» **WHAT THE EXERCISE ASKS**
Starting at the line that contains "This award is", transcribe each line exactly through the end of the data below, and skip any pictures.

Stored data:
***

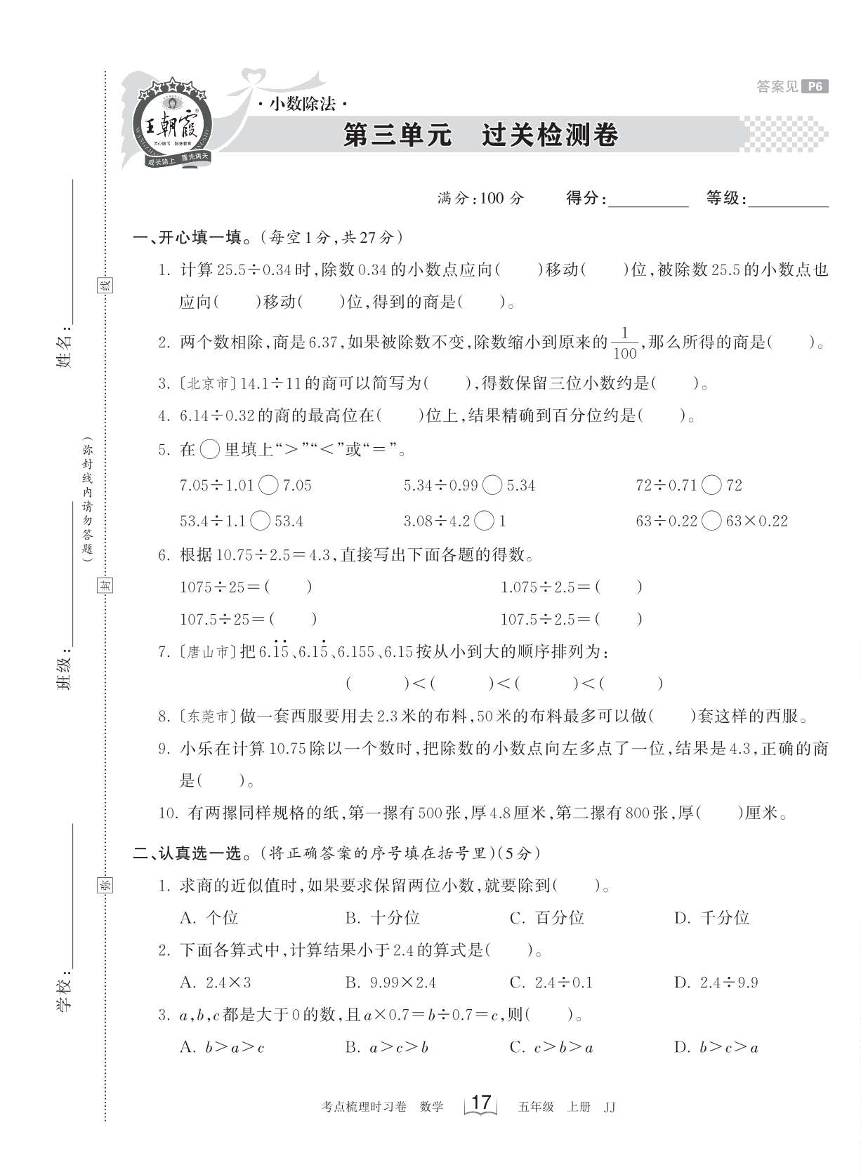 2023上册五年级数学冀教版 第三单元 过关检测卷
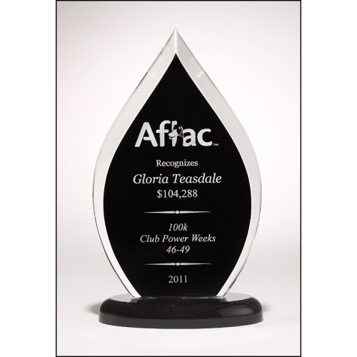This award is a Flames Series clear acrylic with a black screened back on top of a black acrylic base.
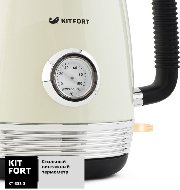 На корпусе расположен термометр, который показывает степень нагрева воды.
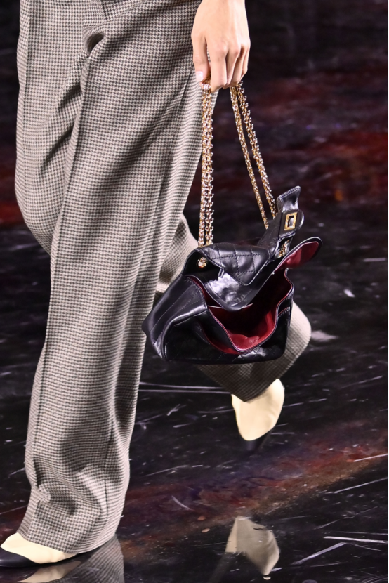 傳承的理念縈繞在香奈兒的馬蒂厄·布拉齊心頭并不出奇——畢竟,他在該品牌的首秀意味著他接手的不僅是一位,而是兩位時尚巨擘的遺產(chǎn):嘉柏麗爾·"可可"·香奈兒與卡爾·拉格斐。最初靈感源自嘉柏麗爾·香奈兒與英國馬球運(yùn)動員博伊·卡佩的戀情,以及她借用對方夾克和襯衫的方式,衣物在人與人之間——甚或是代際之間——傳遞的想法,成為該系列的貫穿主線之一。他說,這就是像香奈兒這樣的時裝屋的奢侈所在,"真正時髦者衣著的熟悉舊感,物品感覺是傳承下來并被使用過的,"他如此描述。在系列中,這體現(xiàn)在看似邊緣磨損的服裝上(懸掛的"線頭"實(shí)際上是微小的串珠),而2.55菱格紋手袋則經(jīng)過巧妙處理,呈現(xiàn)出破舊和使用過的樣子。
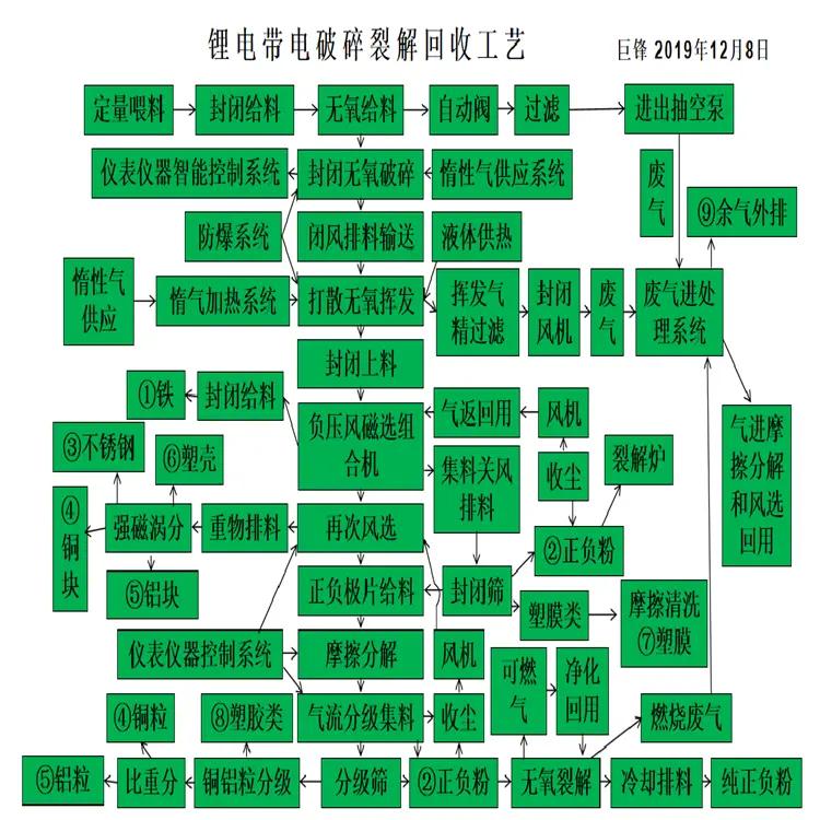 進入貧氧破碎,破碎后通過隔絕氧氣閉風排料,進入無氧高溫快速揮發(fā),經揮發(fā)后的物料進入分選系統(tǒng),把塑膜類、磁性物鐵類,電池電池中的銅鋁塑殼分選出。剩下的正負極片進入高速摩擦系統(tǒng)進行摩擦脫粉,脫粉后的物料經過氣流分選、篩選和收塵 ,把正負極粉、銅鋁金屬粒、塑膠類分開,再把帶電正負極粉送入無氧裂解系統(tǒng)中進行無氧裂解,裂解產生的可燃氣和分選時產生的廢氣進行綜合燃燒,燃燒產生的熱量為裂解爐提供熱源,并把前端分解的廢氣作為補充氧和有機氣體,焚燒后的尾氣經過簡單的廢氣、冷卻、噴淋、過濾、氣霧分離、沸石蜂窩或活性炭催化處理達標排放。

***

» **TASK ANSWER**
This award is a Flames Series clear acrylic with a black screened back on top of a black acrylic base.
 На корпусе расположен термометр, который показывает степень нагрева воды.
 傳承的理念縈繞在香奈兒的馬蒂厄·布拉齊心頭并不出奇——畢竟,他在該品牌的首秀意味著他接手的不僅是一位,而是兩位時尚巨擘的遺產(chǎn):嘉柏麗爾·"可可"·香奈兒與卡爾·拉格斐。最初靈感源自嘉柏麗爾·香奈兒與英國馬球運(yùn)動員博伊·卡佩的戀情,以及她借用對方夾克和襯衫的方式,衣物在人與人之間——甚或是代際之間——傳遞的想法,成為該系列的貫穿主線之一。他說,這就是像香奈兒這樣的時裝屋的奢侈所在,"真正時髦者衣著的熟悉舊感,物品感覺是傳承下來并被使用過的,"他如此描述。在系列中,這體現(xiàn)在看似邊緣磨損的服裝上(懸掛的"線頭"實(shí)際上是微小的串珠),而2.55菱格紋手袋則經(jīng)過巧妙處理,呈現(xiàn)出破舊和使用過的樣子。
 進入貧氧破碎,破碎后通過隔絕氧氣閉風排料,進入無氧高溫快速揮發(fā),經揮發(fā)后的物料進入分選系統(tǒng),把塑膜類、磁性物鐵類,電池電池中的銅鋁塑殼分選出。剩下的正負極片進入高速摩擦系統(tǒng)進行摩擦脫粉,脫粉后的物料經過氣流分選、篩選和收塵 ,把正負極粉、銅鋁金屬粒、塑膠類分開,再把帶電正負極粉送入無氧裂解系統(tǒng)中進行無氧裂解,裂解產生的可燃氣和分選時產生的廢氣進行綜合燃燒,燃燒產生的熱量為裂解爐提供熱源,并把前端分解的廢氣作為補充氧和有機氣體,焚燒后的尾氣經過簡單的廢氣、冷卻、噴淋、過濾、氣霧分離、沸石蜂窩或活性炭催化處理達標排放。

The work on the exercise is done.